Question

Calculate the magnitude of the magnetic field at point Pof Fig E28.35. in terms of$R,l_1$and$l_2$. What does your expression give when $I_1=I_2$?

Short answer

1. The magnetic field at point p is$\frac{{\mu }_0\left|I_1-I_2\right|}{4R}$ .

2. The magnetic field at point p is zero if$I_1=I_2$.

Step-by-step solution

The magnetic field due to the current-carrying element

The magnetic field due to the current element at a particular point is given by Biot-Savart’s law.

According to Biot-Savart law magnetic field at a particular point is given by:

$\begin{array}{r}\overrightarrow{dB}=\frac{{\mu }_0}{4\pi }\frac{l\overrightarrow{d}/\times \widehat{r}}{r^2}\\ dB=\frac{{\mu }_0}{4\pi }\frac{Id/\sin \theta }{r^3}\end{array}$

Where dB is the magnetic field due to the current-carrying element,${\mu }_0$ is the permeability of the vaccum, l is the current through the conducting element, r is the distance from a point to the current-carrying element, dl is the differential length of the current element, and$\theta$ is the angle between$\overrightarrow{dl}$ and$\overrightarrow{r}$ .

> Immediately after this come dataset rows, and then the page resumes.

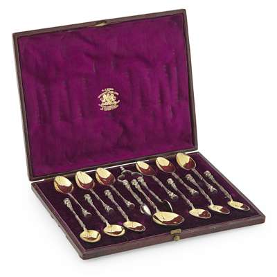 S.C., London 1849, of tapering form, engraved border of foliate design with an engraved crest, raised on a stepped foot, together with a cased set of parcel gilt teaspoons and tongs, seal top terminals, decorated stems, gilt bowls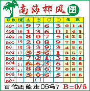 “南海椰风”第1507期推荐版局规律,本期百位05走三步.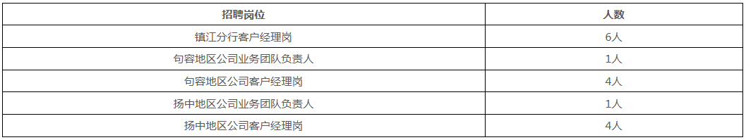 根據業務發展需要,現誠邀社會各界勇于接受挑戰、德才兼備的人才加盟,共同開拓常熟農商銀行鎮江分行美好未來。具體招聘事項如下: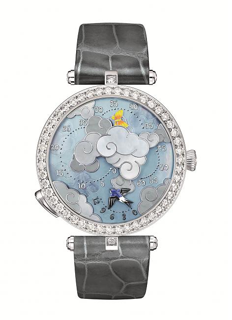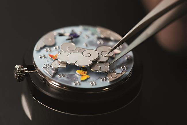 为演绎面盘上细致的自然场景,梵克雅宝融合不同工艺,让面盘各个部分展现浑然和谐的美感。绽放柔和光芒的天空是以珍珠母贝打造,再以手绘工艺描画蓝天色彩。起伏有致的浮云以不同深浅调的灰色珍珠母贝妆点,在云间起舞的蝴蝶和燕子则以微型彩绘添上夺目色彩。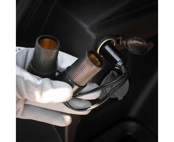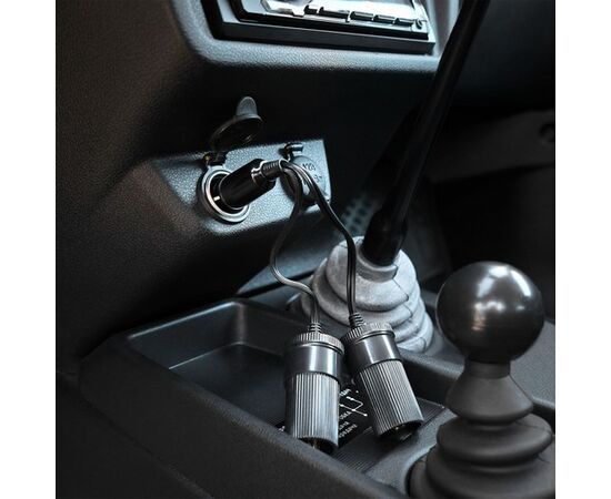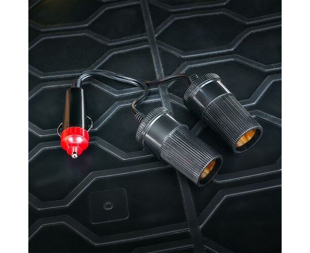 Изделие позволяет подсоединить к бортовой сети транспортного средства единовременно два устройства. Для удобства при эксплуатации кабель изделия был выполнен в виде растягивающегося витого шнура с прорезиненной основой. Корпус изделия изготовлен из пластика черного цвета. Выходной ток разветвителя равен 5А.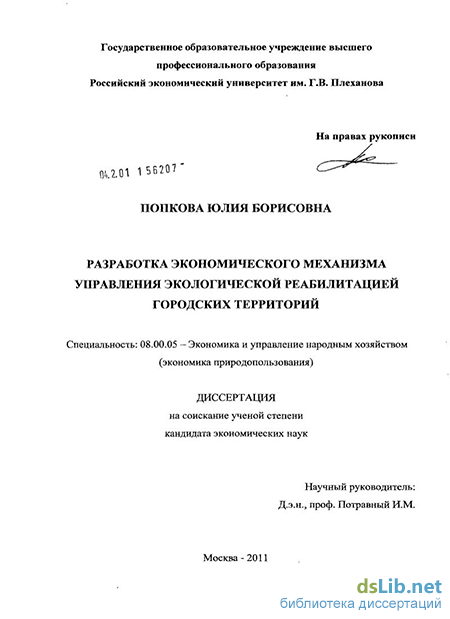В «Концепции долгосрочного социально-экономического развития Российской Федерации на период до 2020 года», утвержденной Распоряжением Правительства Российской Федерации №1662-р от 17.10.2008 г., одним из главных направлений совершенствования механизмов природопользования является ликвидация накопленного загрязнения и восстановление захламленных земель. В то же время вопросы экономического регулирования экологической реабилитации городских земель, совершенствования организационно-экономических механизмов финансирования и реализации природоохранной деятельности на урбанизированных территориях не решены и требуют своего научного обоснования.

The magnetic field at the center of a semi-circular current-carrying loop:

The magnetic field at the center of the semi-circular current-carrying loop is given by:

$B=\frac{{\mu }_{0}I}{4R}$

Where B is the magnetic field at the center of the semi-circular current-carrying loop, ${\mu }_0$is the permeability of the vaccum, l is the current through the wire, and R is the distance from the wire.

The direction of the magnetic field due to the current-carrying wire:

The direction of the magnetic field due to the current-carrying conductor can be given by the right-hand thumb rule.

According to the right-hand thumb rule, if thumb of the right-hand points along the direction of the current, then the remaining curled fingers of the same hand give the direction of the magnetic field due to the current.

Calculation of net magnetic field at point p

The magnetic field at point p due to parallel wires:

Here, the angles between differential lengths of left and right straight wires with point p are 0 and 180 degrees.

Therefore according to Biot-Savart law, the magnetic field at point p due to parallel wires is zero.

The magnetic field at point p (at the center of the semicircular loop) due to the semi-circular loop:

The magnetic field at point p (at the center of the semicircular loop) due to semi circular loop is:

$B_1=-\frac{{\mu }_0{I}_1}{4R}$

Here, according to the right-hand thumb rule, the direction of the magnetic field is clockwise. So conventionally $B_1$ is negative.

The magnetic field at point p (at the center of the semicircular loop) due semi-circular loop 2 is:

$B_2=\frac{{\mu }_0{I}_2}{4R}$

Here, according to the right-hand thumb rule, the direction of the magnetic field is anti-clockwise. So conventionally $B_2$ is positive.

So, the net magnetic field at point p is

_{$\begin{array}{r}{B}_{\text{net}}=B_2+B_1\\ B_{\text{net}}=\frac{{\mu }_0}{4R}\left|I_2-I_1\right|\end{array}$}

Thus, the net magnetic field at point p is $B_{\text{net}}=\frac{{\mu }_0}{4R}\left|I_2-I_1\right|$_.

Calculation of magnetic field at point p if the same current is flowing in both loops

Using expression:

$\begin{array}{r}{B}_{\text{net}}=B_2+B_1\\ B_{\text{net}}=\frac{{\mu }_0}{4R}\left|I_2-I_1\right|\end{array}$

If equal currents $\left(I_1=I_2\right)$is flowing through both wires, then the net magnetic field at point p is$B_{\text{net}}=0\mathrm{T}\text{.}$

Thus, the magnetic field at point p is zero if$I_1=I_2\text{.}$.